The rule of appellate review of a criminal conviction has long been that the verdict of a jury must be sustained if there is substantial evidence to support it, taking the view most favorable to the Commonwealth. Colten v. Commonwealth, Ky., 467 S.W.2d 374 (1971), aff'd., 407 U.S. 104, 92 S.Ct. 1953, 32 L.Ed.2d 584 (1972); Little v. Commonwealth, 289 Ky. 475, 158 S.W.2d 955 (1941); Glosser v. United States, 315 U.S. 60, 62 S.Ct. 457, 86 L.Ed. 680 (1942). As explained by the Supreme Court in Jackson v. Virginia, 443 U.S. 307, 99 S.Ct. 2781, 61 L.Ed.2d 560 (1979):
But this inquiry does not require a court to “ask itself whether it believes that the evidence at the trial established guilt beyond a reasonable doubt.” ... Instead, the relevant question is whether, after viewing the evidence in the light most favorable to the prosecution, any rational trier of fact could have found the essential elements of the crime beyond a reasonable doubt.... This familiar standard gives full play to the responsibility of the trier of fact fairly to resolve conflicts in the testimony, to weigh the evidence, and to draw reasonable inferences from basic facts to ultimate facts. Once a defendant has been found guilty of the crime charged, the fact-finder’s role as weigher of the evidence is preserved through a legal conclusion that upon judicial review all of the evidence is to be considered in the light most favorable to the prosecution. The criterion thus impinges upon “jury” discretion only to the extent necessary to guarantee the fundamental protection of due process of law.

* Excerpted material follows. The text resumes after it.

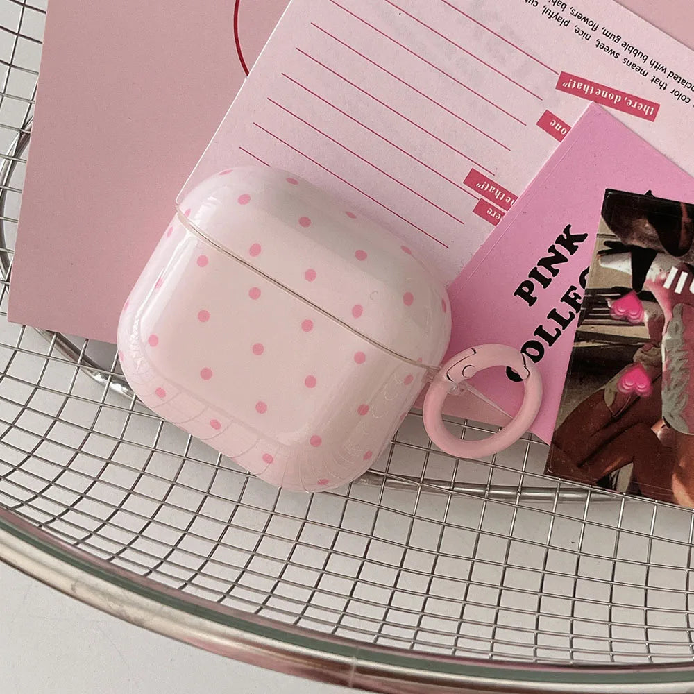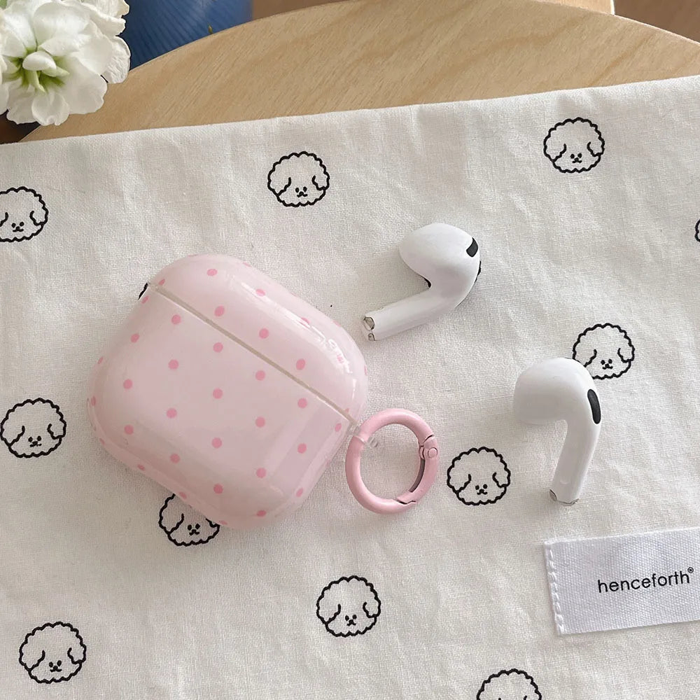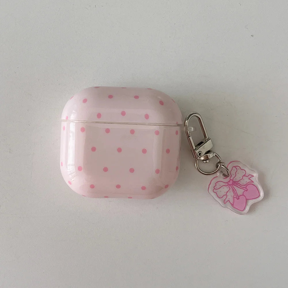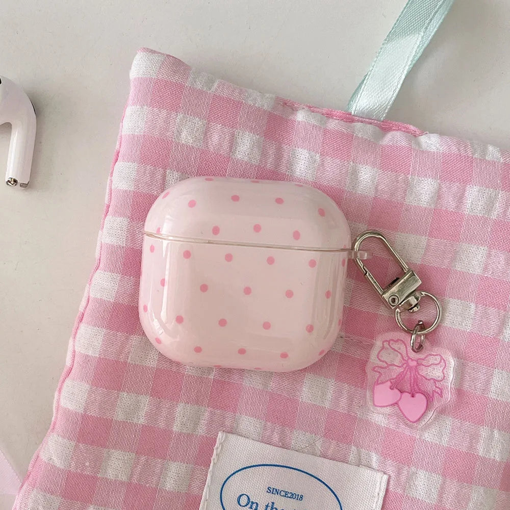 Korea Mint Green Polka Dots Silicone Earphone Case For Apple AirPods 1or2 3 4 Pro Pro 2 Soft Protection Cover With Keychain

“The ... [reviewing] court does not have authority to consider matters on appeal de novo. The ... court acting as an appellate court cannot reevaluate the evidence or substitute its judgment as to the credibility of a witness for that of the trial court and the jury.” Commonwealth v. Bivins, Ky., 740 S.W.2d 954, 956 (1987). There was sufficient evidence before the jury for a determination of “unreasonable noise” as Officer Phillips testified as to appellee’s volume of speech being greater than a normal speaking voice. *546This was reinforced by Jones’s statement that she was yelling no louder than the parade itself.1 Jones, who continued to position herself within the safety zone, was asked to calm down, and the result was a voice escalation. Content, volume and surrounding circumstances may be considered together when making a determination of reasonableness.

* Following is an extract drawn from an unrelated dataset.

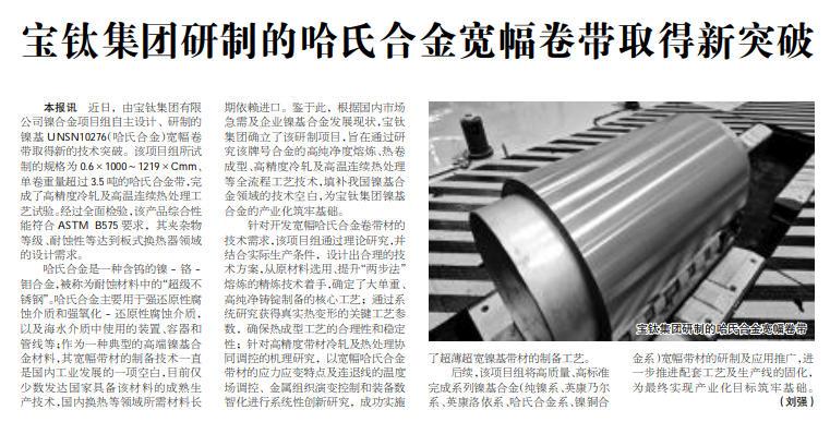 近日,由寶鈦集團鎳合金項目組自主設計、研制的鎳基UNSN10276(哈氏合金)寬幅卷帶取得新的技術突破。他們所試制的規格為0.6×1000~1219×Cmm、單卷重量超過3.5噸的哈氏合金帶,完成了高精度冷軋及高溫連續熱處理工藝試驗。經過全面檢驗,產品綜合性能符合ASTM B575要求,其夾雜物等級、耐蝕性、冷深沖壓型等達到板式換熱器領域的設計需求。

We also consider Jones’s conviction in light of KRS 525.060(l)(d) which is a catch-all provision prohibiting the creation of a hazardous or physically offensive condition that has no legitimate purpose.
The evidence adduced at trial was sufficient to submit this case to the jury as to a violation of either or both of the statutory subsections, and to denote that a criminalization of speech did not occur. Such evidence, to a jury, was sufficient to substantiate that Jones’s speech served no legitimate purpose and that such “action” resulted in the creation of the “hazardous or physically offensive condition.” The content of the noise, however distasteful, is not punishable. Some of the key elements may be public inconvenience, alarm or annoyance. As the parties concede, the constitutionality of the statute is not at issue for, on its face, it rises to meet constitutional measurements. Herein, there is a distinguishing difference from the case of Musselman v. Commonwealth, Ky., 705 S.W.2d 476 (1986).

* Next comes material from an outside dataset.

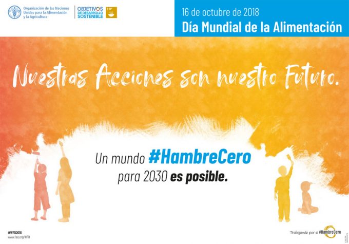El próximo 16 de octubre se celebrará el Día Mundial de la Alimentación 2018, celebración cuya finalidad es poner en relieve los problemas relacionados con el hambre, así como concienciar a todos los países sobre la necesidad de que pongan en práctica los mecanismos oportunos para acabar con este problema cumpliendo con la meta del objetivo número dos de los Objetivos de Desarrollo Sostenible, el hambre cero.

The opinion of the Court of Appeals is reversed and the Jefferson District Court judgment is affirmed.
STEPHENS, C.J., and LAMBERT, LEIBSON, SPAIN and WINTERSHEIMER, JJ., concur. STUMBO, J., dissents by separate opinion.. Jones also testified, "Why are you singling me out, why aren’t you telling the other people around me who are also yelling and clapping, why aren’t you telling them to be quiet?”